(Records to use begins)
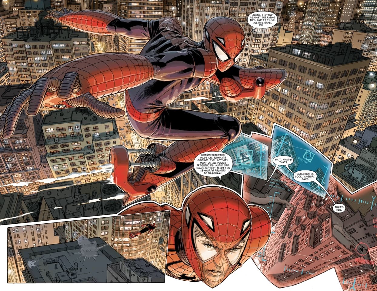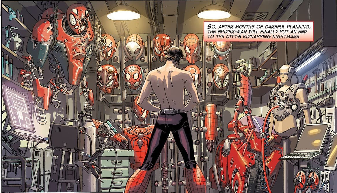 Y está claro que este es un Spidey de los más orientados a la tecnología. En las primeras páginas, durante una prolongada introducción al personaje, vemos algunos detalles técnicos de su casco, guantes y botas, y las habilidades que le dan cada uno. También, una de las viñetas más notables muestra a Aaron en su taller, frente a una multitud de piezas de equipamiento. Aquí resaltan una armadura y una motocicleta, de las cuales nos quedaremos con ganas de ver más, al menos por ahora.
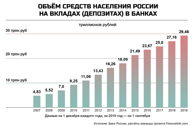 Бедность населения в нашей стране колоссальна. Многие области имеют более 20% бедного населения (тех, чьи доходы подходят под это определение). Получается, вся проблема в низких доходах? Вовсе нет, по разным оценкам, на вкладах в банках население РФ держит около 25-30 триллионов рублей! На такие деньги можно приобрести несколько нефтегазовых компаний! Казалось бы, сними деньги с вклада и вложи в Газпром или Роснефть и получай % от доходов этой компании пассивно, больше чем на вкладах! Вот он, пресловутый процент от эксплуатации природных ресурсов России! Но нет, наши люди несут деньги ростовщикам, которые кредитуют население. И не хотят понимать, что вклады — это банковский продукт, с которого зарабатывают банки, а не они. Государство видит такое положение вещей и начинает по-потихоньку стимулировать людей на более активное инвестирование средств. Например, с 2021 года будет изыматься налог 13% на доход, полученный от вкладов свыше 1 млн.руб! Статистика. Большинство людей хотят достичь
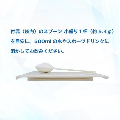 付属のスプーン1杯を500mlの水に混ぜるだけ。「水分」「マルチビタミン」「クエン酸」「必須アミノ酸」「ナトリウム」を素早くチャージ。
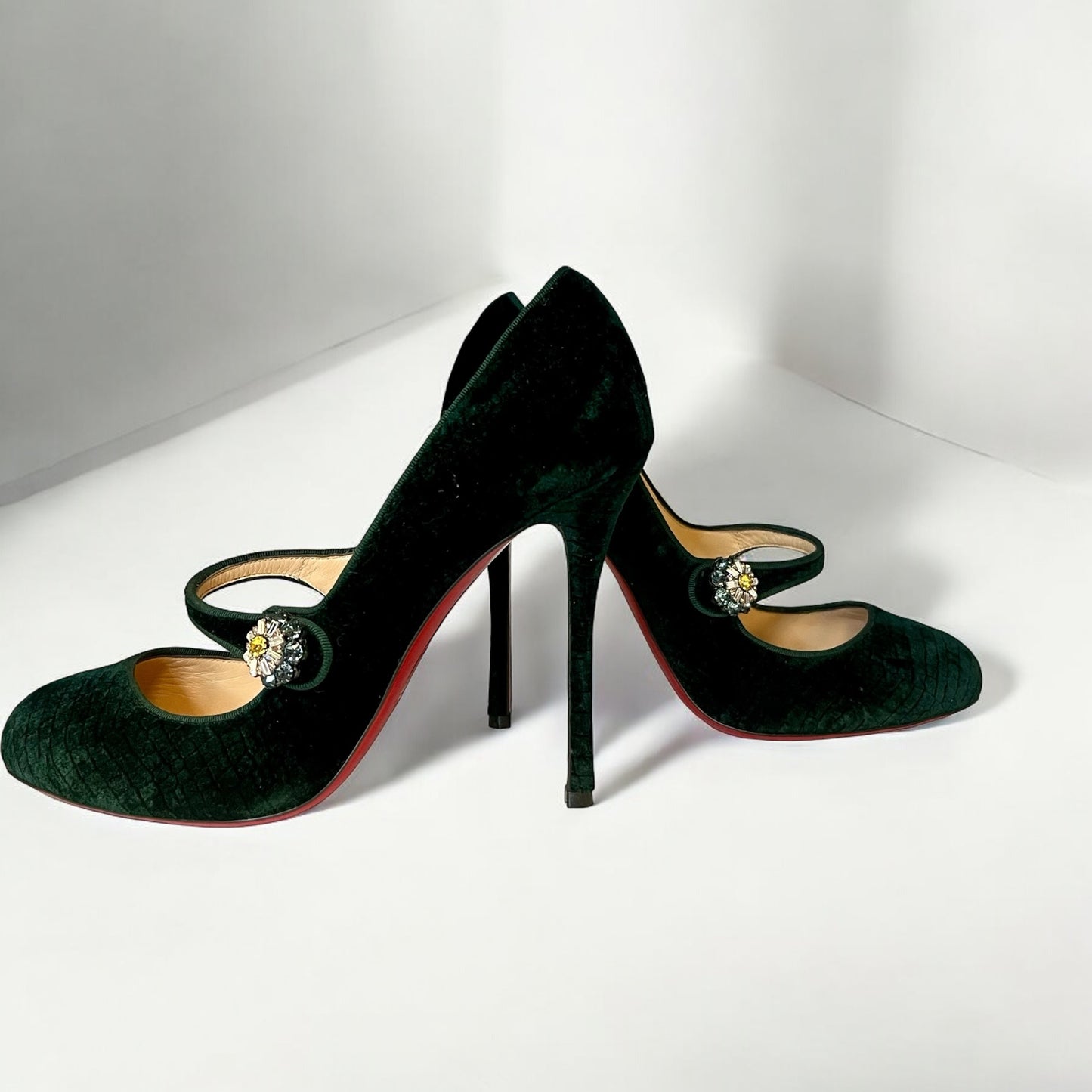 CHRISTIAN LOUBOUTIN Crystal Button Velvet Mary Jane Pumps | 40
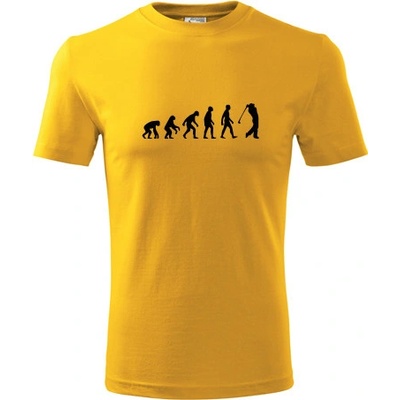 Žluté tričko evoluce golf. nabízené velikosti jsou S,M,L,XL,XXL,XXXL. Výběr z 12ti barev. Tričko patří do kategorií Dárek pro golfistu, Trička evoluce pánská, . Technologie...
(Records to use ends)
(Records to use begins)
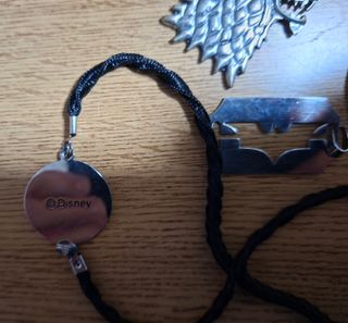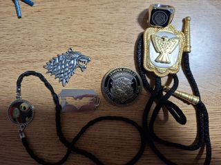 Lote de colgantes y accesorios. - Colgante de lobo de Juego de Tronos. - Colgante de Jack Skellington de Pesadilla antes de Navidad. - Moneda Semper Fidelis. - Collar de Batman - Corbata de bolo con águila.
(Records to use ends)
(Records to use begins)
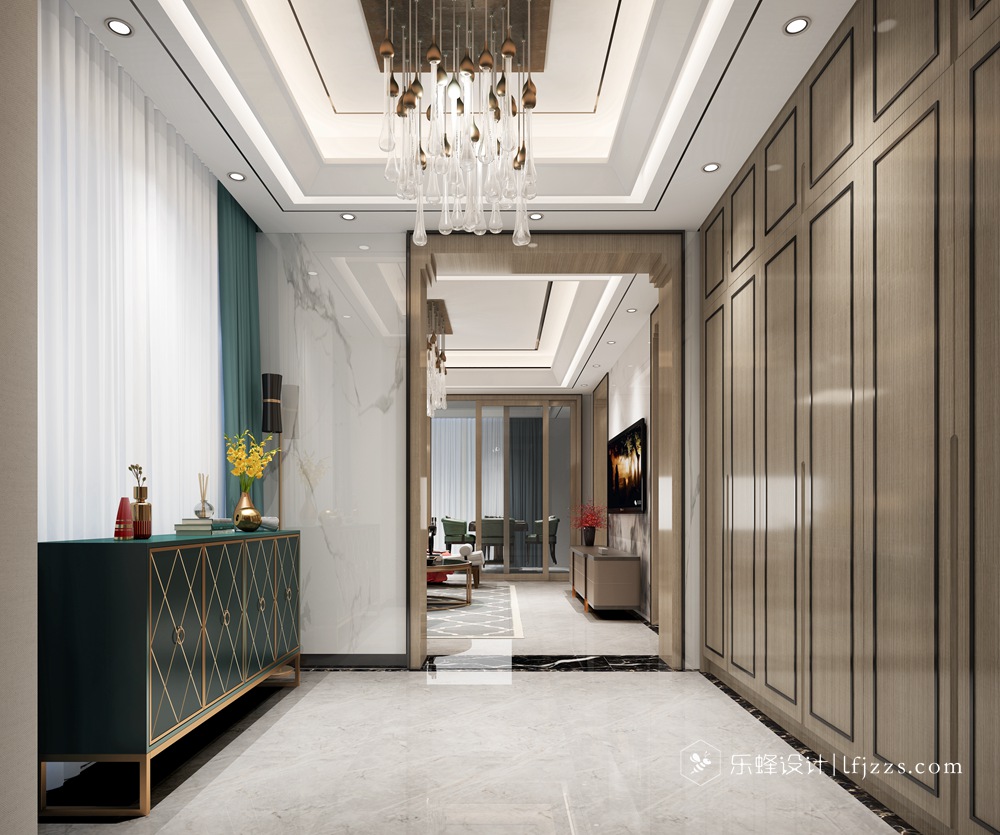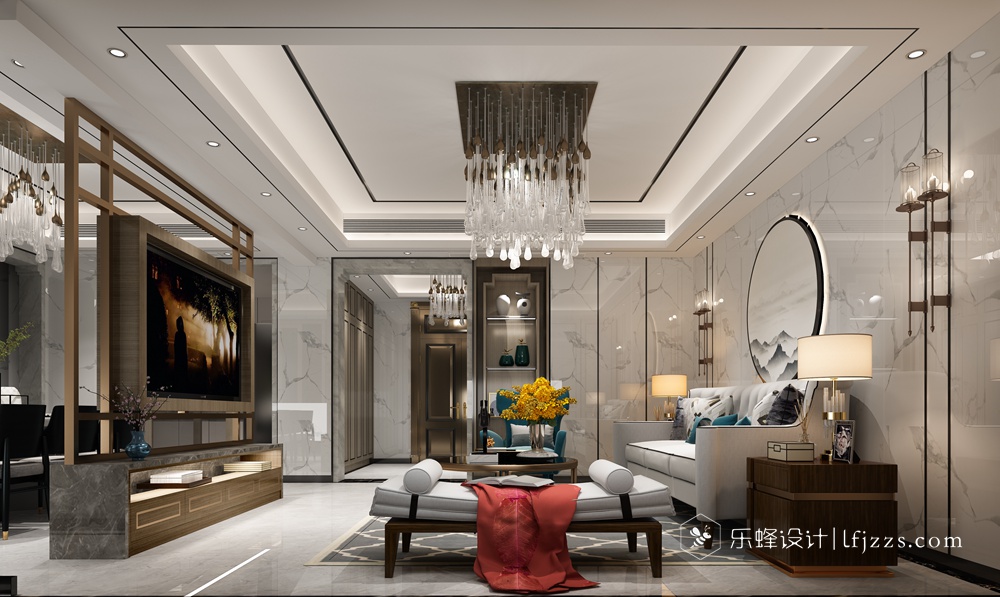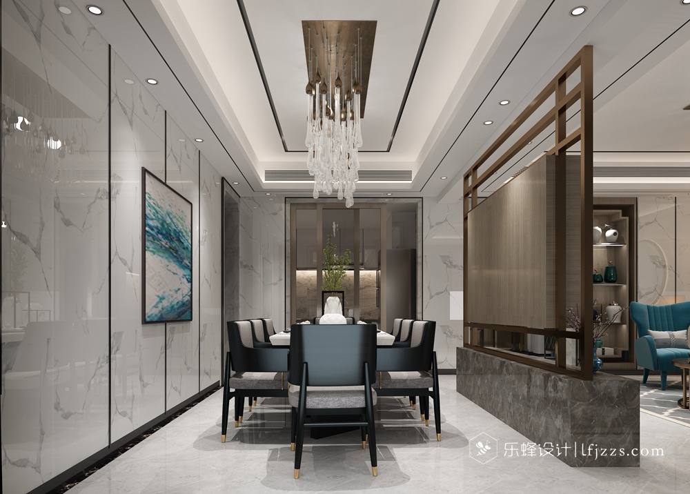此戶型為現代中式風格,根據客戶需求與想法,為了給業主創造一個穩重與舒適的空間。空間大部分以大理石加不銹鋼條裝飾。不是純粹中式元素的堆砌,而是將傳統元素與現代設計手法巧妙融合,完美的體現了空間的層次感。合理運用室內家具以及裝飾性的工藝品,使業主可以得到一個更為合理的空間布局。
(Records to use ends)
▶ **Directions**: Your answer must be the lines above from the one holding "CHRISTIAN LOUBOUTIN Crystal" up to and including the one holding "Žluté tričko evoluce", exact and with no pictures.

▶ **Task response**:
 CHRISTIAN LOUBOUTIN Crystal Button Velvet Mary Jane Pumps | 40
 Žluté tričko evoluce golf. nabízené velikosti jsou S,M,L,XL,XXL,XXXL. Výběr z 12ti barev. Tričko patří do kategorií Dárek pro golfistu, Trička evoluce pánská, . Technologie...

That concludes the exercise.